¡A menudo es cuestión de economía y psicología del espectador al mismo tiempo! Un actor brilla una vez en un papel que genera resonancia, y ya los guionistas escriben personajes similares para él, los directores lo atrapan en castings precisamente en ese rol, y los productores ni siquiera quieren oír hablar de experimentos. El espectador, por su lado, se acostumbra a ver al personaje en una imagen determinada y subconscientemente espera verlo en papeles parecidos. El resultado es que el actor repite básicamente la misma actuación durante varios años seguidos.
Lo más interesante es que incluso cuando el artista desesperadamente quiere escapar de este tipo de papel y se anima con un rol completamente diferente, a menudo pierde audiencia simplemente porque los espectadores no están listos para reinterpretarlo.
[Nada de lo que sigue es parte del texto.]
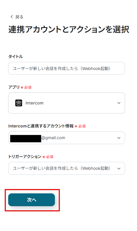 ステップ3:Intercomのトリガー設定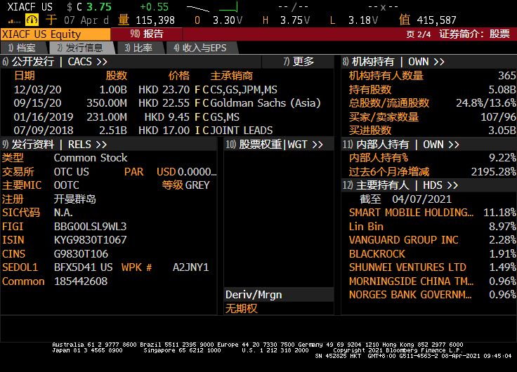 XIACY US是小米集团在美国上市的ADR,根据军事清单要求,美国投资者在3月15日起不允许再买入小米股票,因此交易所宣布在3月12日对XIACY摘牌(当时还没有获得临时禁令)。XIACY在摘牌前即转入了粉单市场(Pink),即场外交易(OTC Market),粉单股票只受到有限的监管和信息披露要求;

Prefieren ver a "su" actor, navegan por internet y escriben que actuó mal, que está imitando a algún otro artista. ¡Resulta un círculo vicioso!
Consejo práctico: si eres actor, intenta escapar no de golpe, sino gradualmente. Juega un papel que se diferencie de tu tipo, pero en un proyecto donde no necesitas ser reconocible en absoluto - por ejemplo, doblaje de animación, un cameo en una película seria donde tu personaje es secundario. Así irás acostumbrando lentamente al público a una imagen diferente sin perder tu audiencia principal de un golpe. ¡Esto es mucho más efectivo que cambiar de imagen de un salto!